The Garbage Collector Daemon runs through the cache files regularly, usually one or more times a day. It starts automatically by the same script that starts the proxy server. You can choose up to three garbage collection times a day. Once a day is sufficient if you have a large cache that doesn't fill up quickly. If you have a small cache or a busy server that caches a lot of documents, you should set the garbage collector to run three times a day.

Every 20 minutes the garbage collector checks if garbage collection is needed (the cache is about to overflow) and starts garbage collection only if it is needed (but it always runs at the times you specify). The cache directory can become full if the proxy is busy and caches a lot of files or if the cache is too small for the number of documents the proxy is configured to cache.

How Garbage Collection Works

When the garbage collector runs, it reads in information for files in the cache directory and uses it to determine which files to remove. Specifically, it looks at

  • how long it took to transfer the document from the remote server

  • how much time has elapsed since the file was last refreshed or had an up-to-date check

This generally means that larger files stay in the cache longer, providing quicker response times when a client requests the document. It also means that older documents are removed before newer ones.

Garbage Collector Process Priority

The garbage collector can be run as a low priority process. You can specify a priority (nice) value—the larger the nice value, the lower the priority. Zero means normal priority, 39 lowest priority.


Caution: If you have a busy CPU and you set a low priority (you use a high nice value), garbage collection might not run as scheduled. In this case, use the normal priority (zero).

If garbage collection never runs (that is, the CPU never gives the process any cycles because the process has too low of a priority), the garbage collector daemon forces a garbage collection at normal priority.

Emergency Garbage Collection

The garbage collector will run immediately if the filesystem is full. This happens if the cache root is on a shared filesystem and other applications fill up the disk space.

Using the pstats Utility

The Netscape Proxy Server has a log analyzer utility that collects data from the proxy access log file. This utility produces output that can help you determine the proxy's performance and fine-tune the number of processes the proxy needs, and that can suggest an optimal cache size.

The pstats utility is in [ServerRoot]/utils. You specify the access log name as a parameter (the log must be in the extended log file format):

utils/pstats logs/access

Interpreting the pstats Output

The output of pstats displays

  • Two different transfer time diagrams. The first lists the percentage of requests finished in each service time category (in seconds). The second lists the percentage of the requests completed by a certain maximum service time.

  • Status codes returned by the remote server and to the client. Because a client can interrupt the connection before the transfer is complete, the two numbers of status codes don't necessarily exactly match the number of bytes transferred in each direction.

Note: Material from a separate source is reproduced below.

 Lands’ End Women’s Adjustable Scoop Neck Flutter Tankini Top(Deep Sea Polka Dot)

  • Requests and connections. This is the number of times the proxy was able to send a document from the cache instead of from the remote server. The higher this number is the more efficient the proxy is because it doesn't have to access the remote server and use valuable network time.

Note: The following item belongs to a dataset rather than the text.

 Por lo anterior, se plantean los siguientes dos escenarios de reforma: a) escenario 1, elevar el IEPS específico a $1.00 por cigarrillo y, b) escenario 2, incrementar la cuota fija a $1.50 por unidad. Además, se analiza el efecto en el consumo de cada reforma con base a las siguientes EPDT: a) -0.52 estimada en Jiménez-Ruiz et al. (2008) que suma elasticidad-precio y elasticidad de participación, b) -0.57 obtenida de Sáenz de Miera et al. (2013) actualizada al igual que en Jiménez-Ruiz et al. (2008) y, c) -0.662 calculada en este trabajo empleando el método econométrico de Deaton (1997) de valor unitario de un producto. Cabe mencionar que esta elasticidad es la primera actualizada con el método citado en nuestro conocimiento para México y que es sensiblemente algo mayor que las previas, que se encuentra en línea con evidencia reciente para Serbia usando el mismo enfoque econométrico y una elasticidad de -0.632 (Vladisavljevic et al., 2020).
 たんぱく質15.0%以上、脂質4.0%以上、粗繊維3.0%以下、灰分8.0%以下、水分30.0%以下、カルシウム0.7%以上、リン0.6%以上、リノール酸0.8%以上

  • Cache performance report. This lists detailed cache information such as the number of documents retrieved from the cache and from remote servers.

  • Transfer time report. This is the number of seconds the proxy takes to transfer documents.

Number of Server Processes

The transfer time report is important when determining how many processes the proxy should use (specified by Server Processes in the Configuration form or specified with the MaxProcs directive in magnus.conf).

Average transaction time is the actual time that one server process is busy on average with a single request. This number should be used when determining how many server processes are needed.

The other figures do not take errors into account, and give only the perceived response time to the user, not the actual time that server resources were bound to servicing the entire load of incoming requests.